Today I spent a short time watching short news stories for money. As discussed previously, it is not for much money. However, I think there is a value greater than money to be gained from these videos (and obviously, one of them is getting ideas for this blog). I have discovered secrets about life that I had never dared to dream and been too scared to have nightmares about.
I discovered today that more than one person on this planet has come up with the idea of paying prostitutes with McDonalds. Whether the risks of catching a nasty dose of something from the prostitute was higher than the prostitute catching a nasty dose of something from McDonalds was not made clear in report. Now, I am not one to judge, but I think we can all guess which country this happened. Yes. I am looking at you America. Why can’t you be more like your good little brother Canada? (It gives me immense glee to know that my Canadian friends will be much more offended by that than my American friends). The thing that gets me most about this story is why didn’t he just give her enough money to buy a McDonalds afterwards? Why was McDonalds involved in any part of this process? Not unless, no, it can’t be can it? Is McDonalds now a pimp that forces its ladies to only take payment in the form of their own products, thus earning revenue from the sex trade and its ‘food’?
Oh, sorry, one sec, someone is ringing my doorbell. I will be right back. (Did you notice that although there is someone waiting outside my door, and now waiting longer as I type this, that I took the time and wrote it properly? That’s right my beloved readers. No brb for you. I would not cheat you like). But seriously, I best get the door.
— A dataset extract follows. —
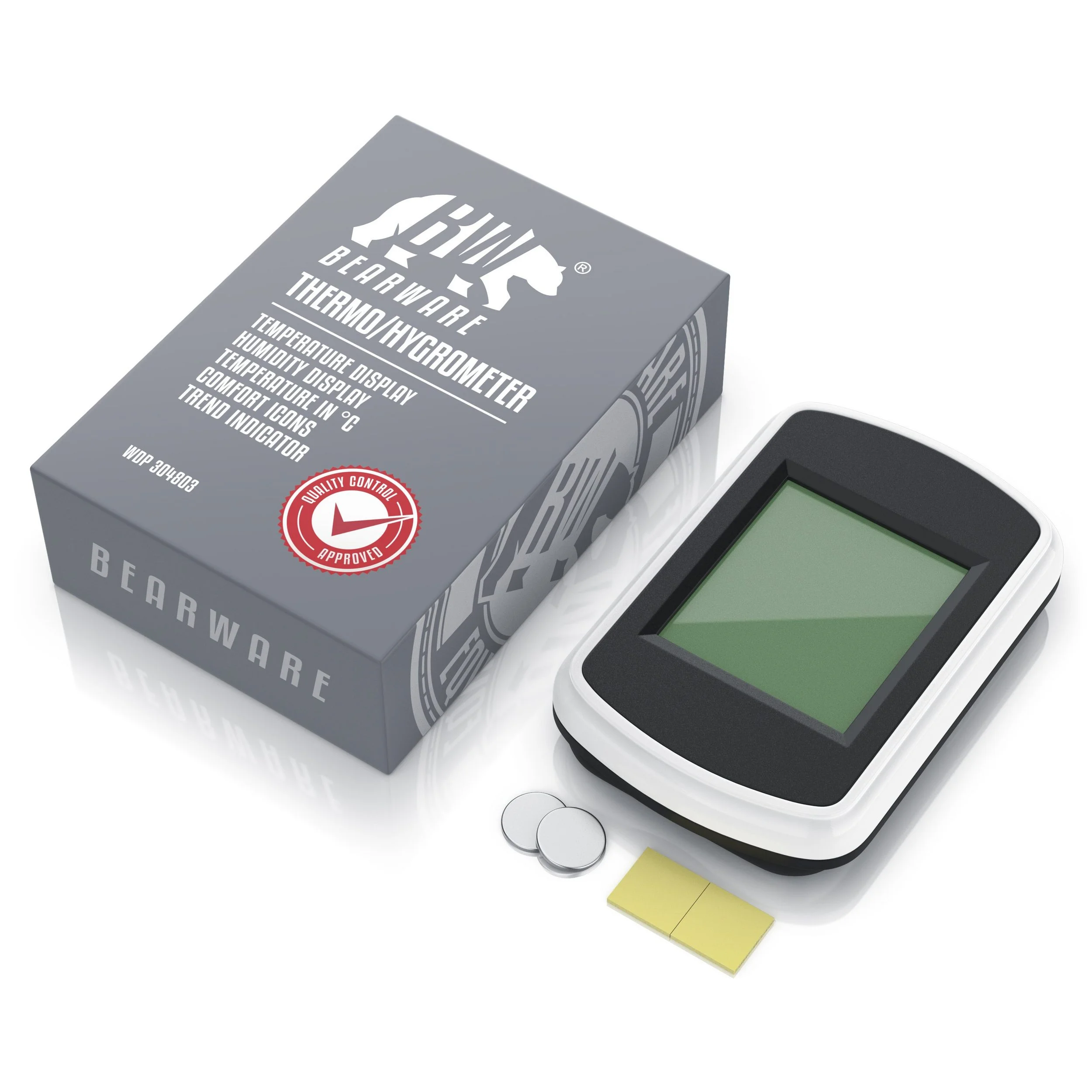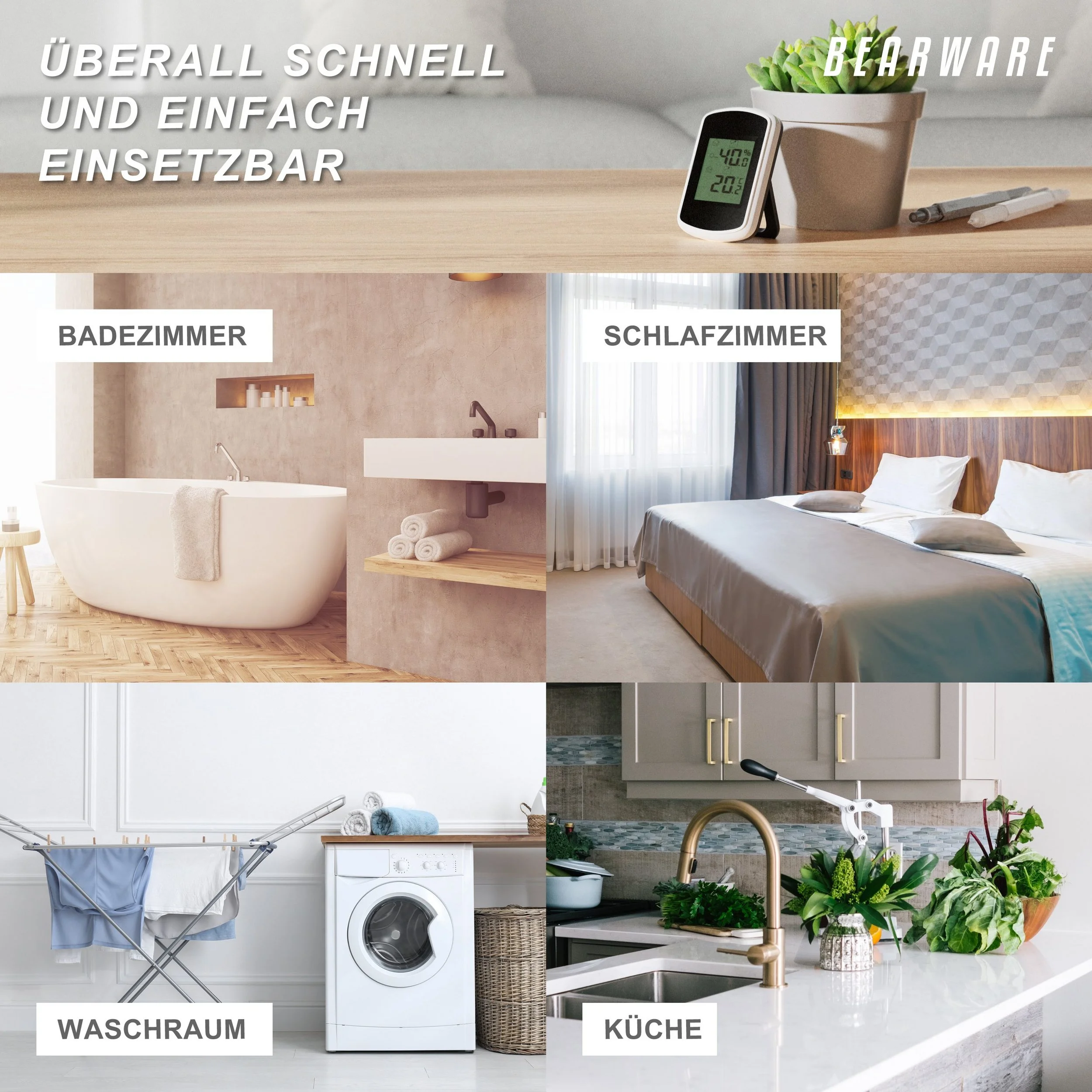 Das digitale Thermo-Hygrometer von BEARWARE bietet eine präzise Anzeige von Temperatur und Luftfeuchtigkeit – ideal für Wohnzimmer, Schlafzimmer, Büro, Gewächshaus oder andere Innenbereiche. Es kombiniert kompakte Maße mit klarer Darstellung und hilfreichen Komfortsymbolen, die sofort anzeigen, ob das Raumklima optimal ist.

Ahem. I would like to take a moment now that I am back to say that I have reconsidered my previous thoughts. I now understand how unlikely it is that McDonalds pimps out prostitutes and I definitely do not want to ever see a limited time offer of David’s Pet Degus Burgers.
I have also learnt that you can buy whiskey that has been poured over nude Playboy models breasts. Now, I am not a prude, but this just seems unnecessarily unhygienic.
My favourite however was the following news story.
A man in Singapore was arrested after carrying around a pickled human head in a jar. No traces of the rest of the body have been found. The media have labelled it ‘The Case of the Pickled Head’.